Assignment
Set down each of the records below exactly as it reads. No pictures go into the copy.

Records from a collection

——

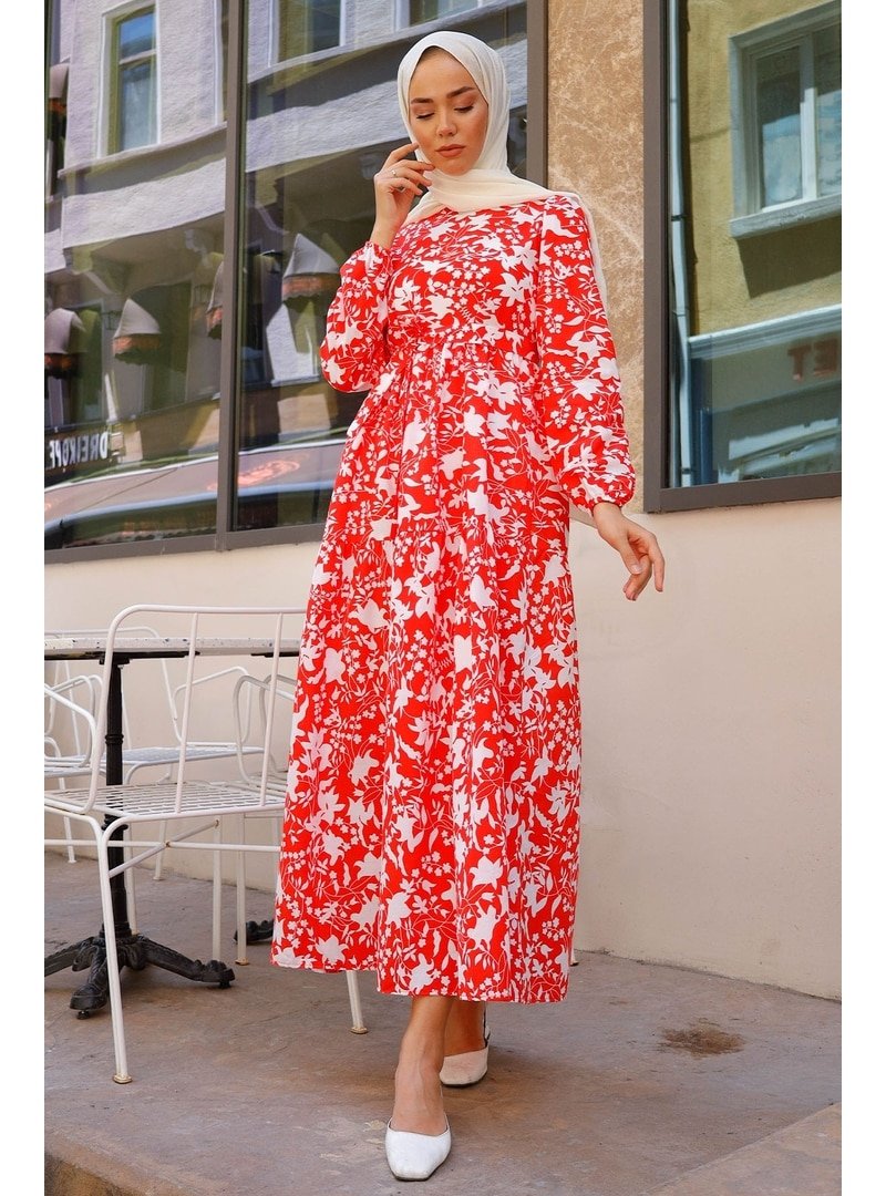 In Style Kırmızı Prenses Omuz Fulya Desen Elbise
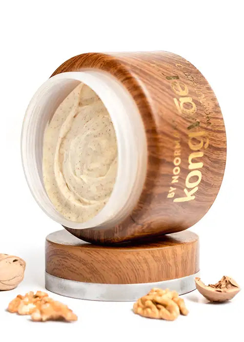 Cleanses pores and reduces blackheads, whiteheads and acne-causing elements. By clearing away dead skin cells, it softens and plumps the skin, leaving it refreshed and glowing. Revitalize your skin with our advanced formula of Kongvaer Walnut Scrub that cleanses pores and effectively reduces blackheads, whiteheads, and acne-causing elements. By gently clearing away dead skin cells, Kongvaer Walnut Scrub not only prevents future breakouts but also softens and plumps your skin, leaving it refreshed and glowing. Experience a smoother, more radiant complexion as our treatment works to rejuvenate and enhance your natural beauty. Say goodbye to dull, congested skin and hello to a clear, luminous glow.
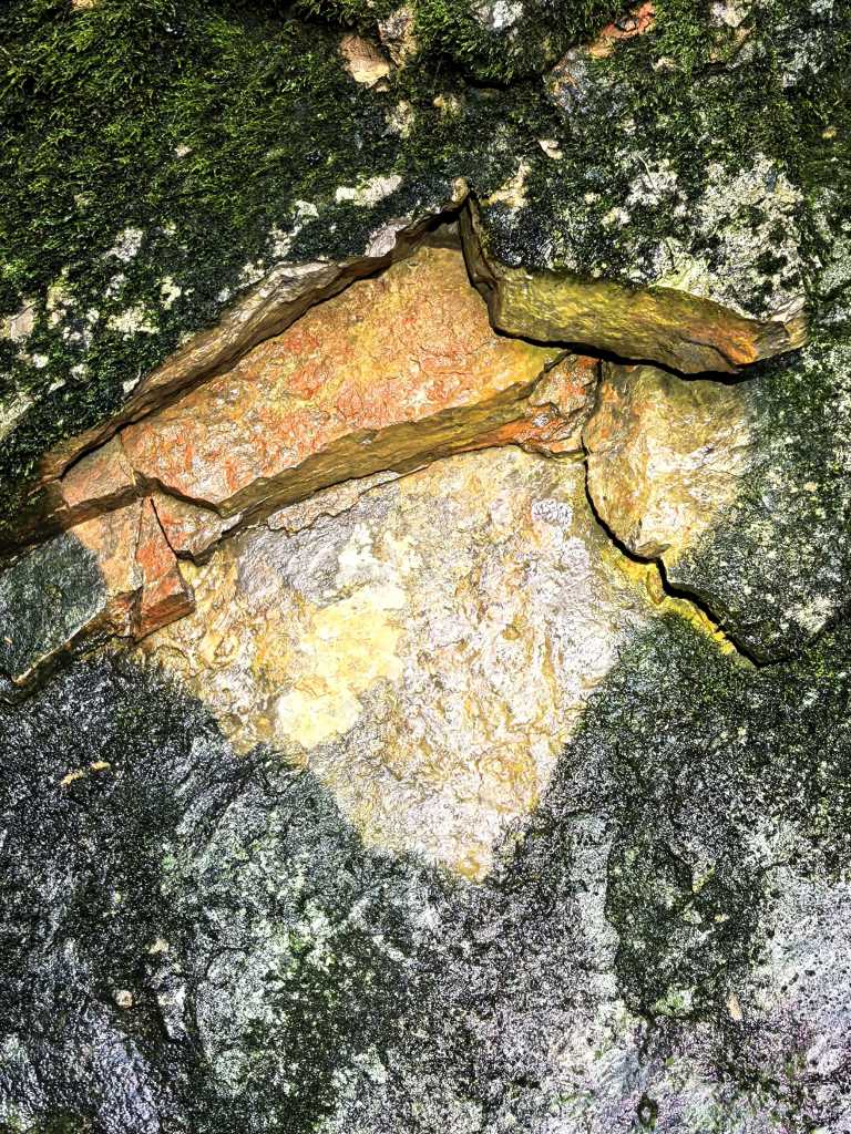 56700. A large stone that broke off from the supporting dry stone wall above the entrance knocked off the already slightly weathered slab of rock at its base and this colorful pentagonal fragment was created.
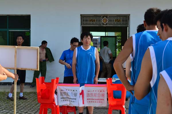 金灘鎮(zhèn)黨委書記京海華宣布“江西水建杯”籃球賽開始
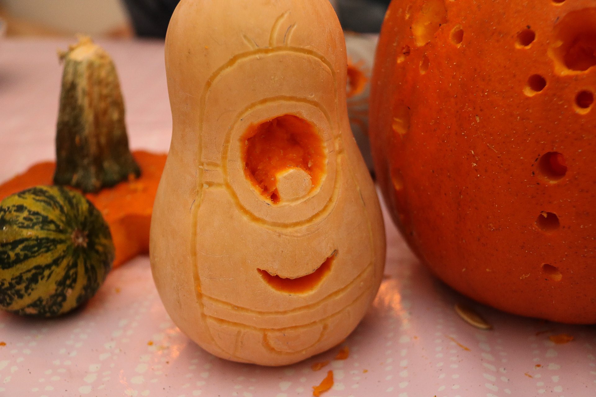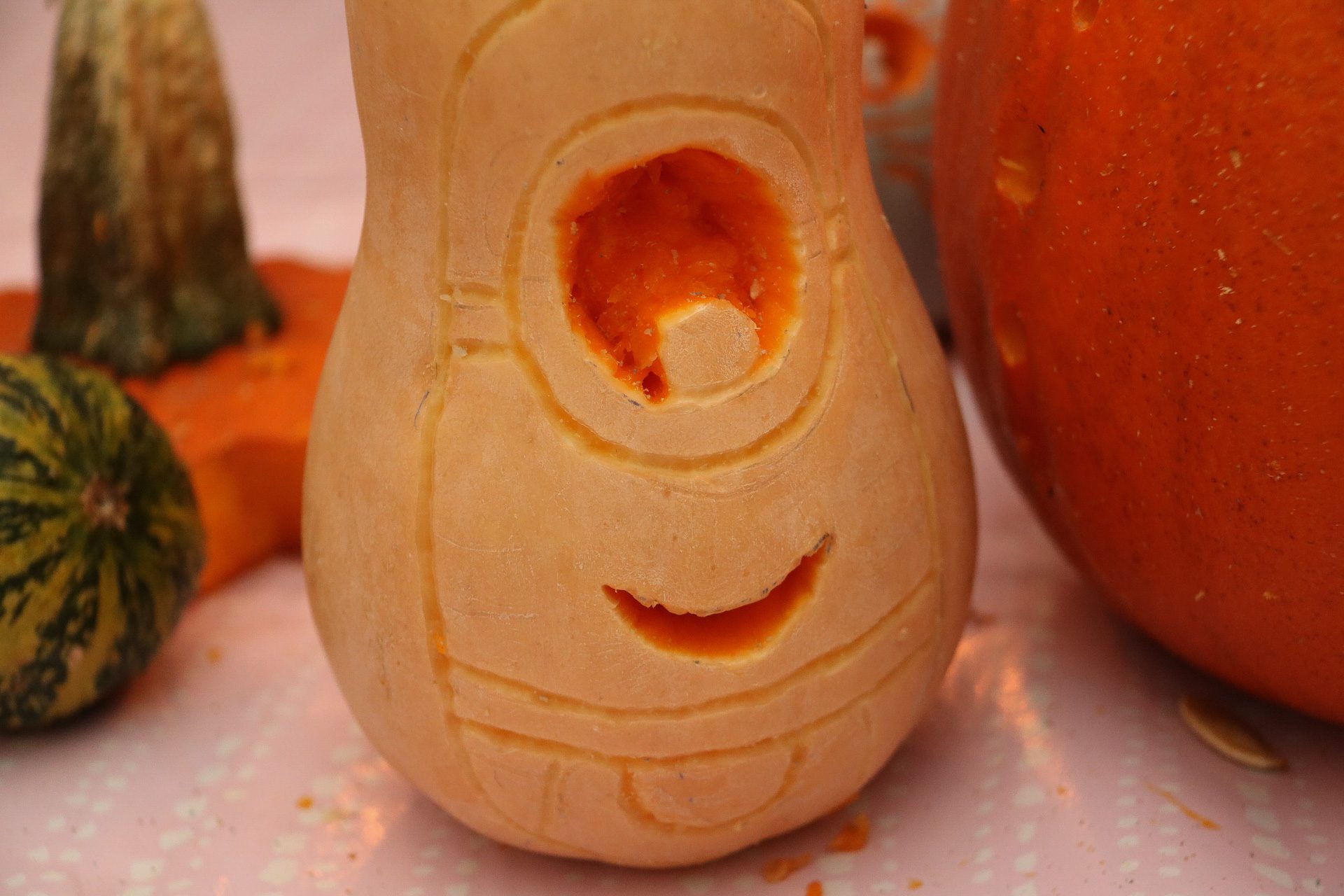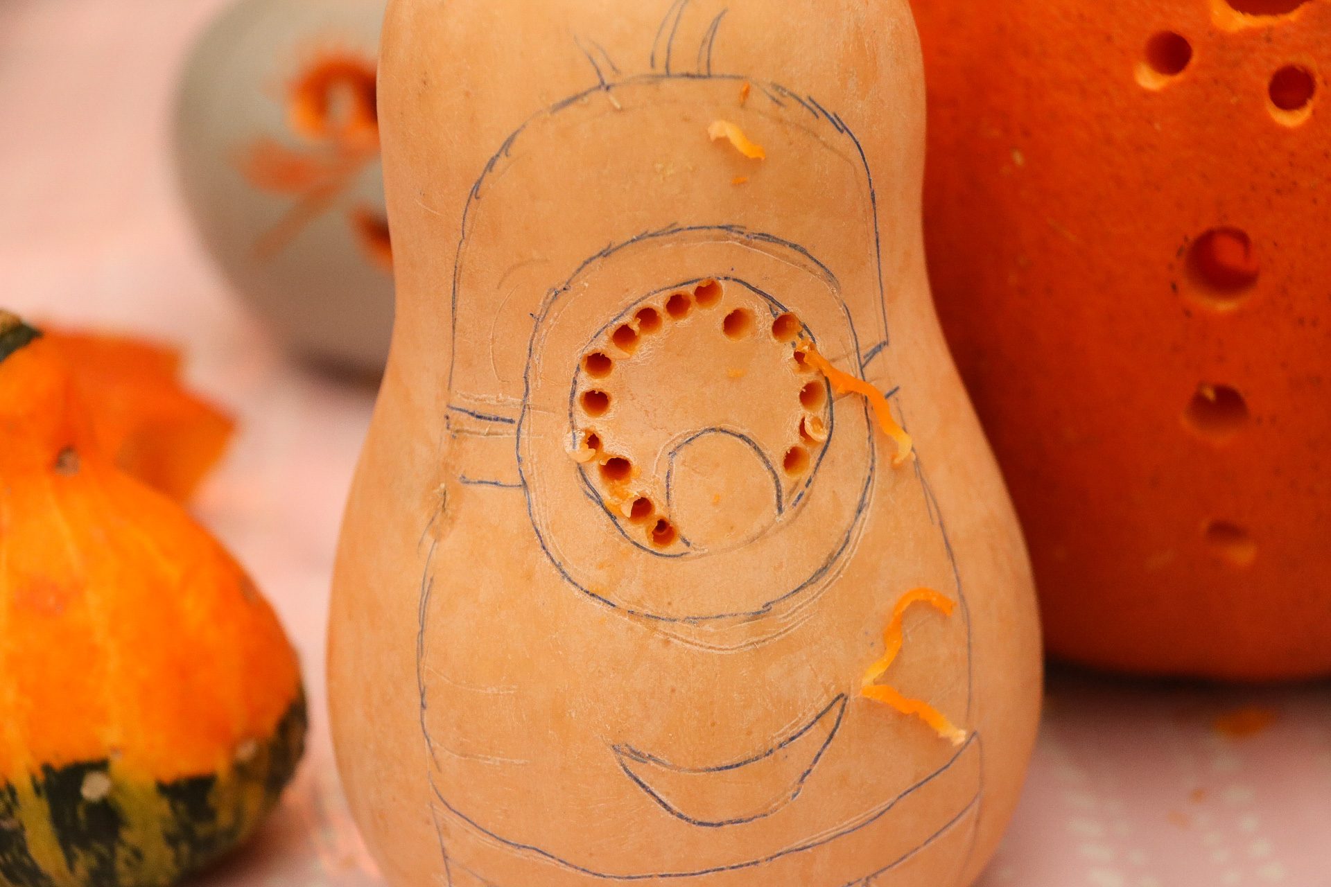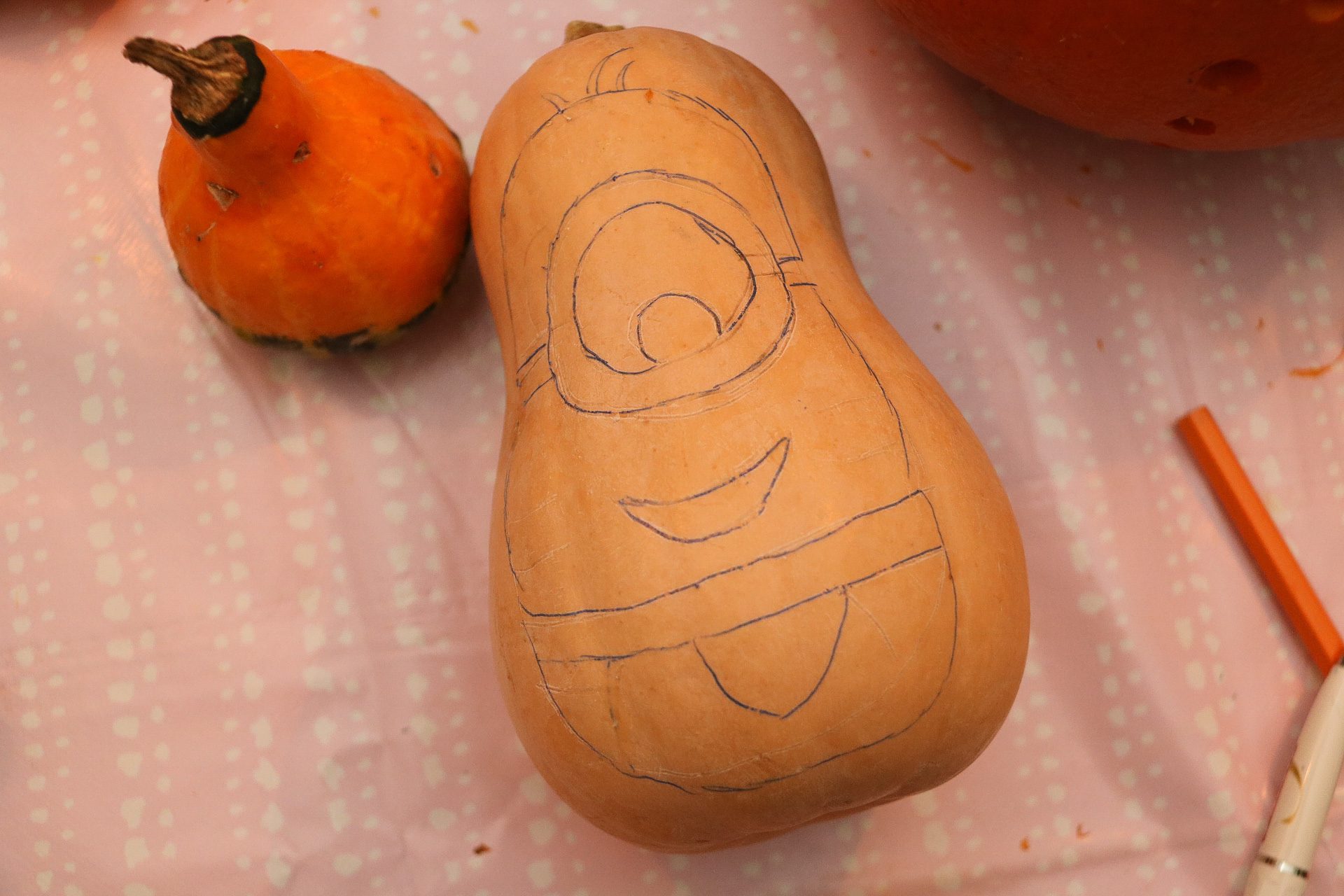 - Rita ut motivet, här har jag tittat på bilder och ritat på fri hand. Vi använde nu en butternutpumpa, för att formen passade så bra…men den var väldigt hård att skära i.

——

Response to the task
 In Style Kırmızı Prenses Omuz Fulya Desen Elbise
 Cleanses pores and reduces blackheads, whiteheads and acne-causing elements. By clearing away dead skin cells, it softens and plumps the skin, leaving it refreshed and glowing. Revitalize your skin with our advanced formula of Kongvaer Walnut Scrub that cleanses pores and effectively reduces blackheads, whiteheads, and acne-causing elements. By gently clearing away dead skin cells, Kongvaer Walnut Scrub not only prevents future breakouts but also softens and plumps your skin, leaving it refreshed and glowing. Experience a smoother, more radiant complexion as our treatment works to rejuvenate and enhance your natural beauty. Say goodbye to dull, congested skin and hello to a clear, luminous glow.
 56700. A large stone that broke off from the supporting dry stone wall above the entrance knocked off the already slightly weathered slab of rock at its base and this colorful pentagonal fragment was created.
 金灘鎮(zhèn)黨委書記京海華宣布“江西水建杯”籃球賽開始
 - Rita ut motivet, här har jag tittat på bilder och ritat på fri hand. Vi använde nu en butternutpumpa, för att formen passade så bra…men den var väldigt hård att skära i.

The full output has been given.